Javascript heap size

May 04, 2009

A real pain point for those of us developing on Linux is that v8 is 32-bit x86 only and our development machines are 64-bit. This makes our entire build 32-bit. You can certainly make it work, but it's painful to get going and strace prints the wrong info and 64-bit plugins won't be linkable and gdb's debug info is wrong and you're the only process loading 32-bit GTK so your startup is slow and 32-bit IME modules are set up wrong on Ubuntu etc. etc.

I was chatting with a v8 developer about a 64-bit implementation and he had an interesting comment, which I'll now share with you*. One of the fears of 64-bit code is that all your pointers double in size, which means you get half the cache, twice the memory usage, etc.

He argued that the proper implementation strategy, therefore, was to continue using 32-bit pointers for JavaScript and track a sort of 64-bit "base pointer" that these 32-bit pointers were relative to. This would cap JavaScript instances to 4gb of memory, which on the one hand I hope no web page ever would hit but on the other does seeem a bit artificial.

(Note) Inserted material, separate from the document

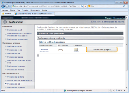 Haga clic en [Guardar clave prefijada] para especificar una clave desde una lista de claves y certificados.

His response, which this whole post was lead-in for, is that when you have that much memory it's difficult to actually make use of all of it from a language like JavaScript because it's single-threaded. That is, the time it takes to read in and out (or more importantly, process) that much data starts making apps that would use more data unuseful. He suggested that part of the reason 64-bit Java was important was that there were these heavyweight servers with multiple cores that wanted to run a bunch of Java threads in the same heap simultaneously.

There's an interesting parallel here to servers. Say you can stick 10 terabytes of disk in a single machine — it ends up not being too useful as a server unless it's archival, as in most of that data isn't accessed, because you're ultimately limited by disk bandwidth. Just trying to stream the contents of the disks at a sequential 50mb/sec** would take two and a half days. So when you're trying to serve real-time data off a disk (like, say, a search engine might) you're better off having more machines with smaller disks.

* In my typical "take something intelligent someone else said and twist it through my poor understanding" fashion you've maybe come to expect from this blog.

** I'm way behind in my knowledge of reasonable numbers for modern hardware but even if I'm off by a factor of four the point stands.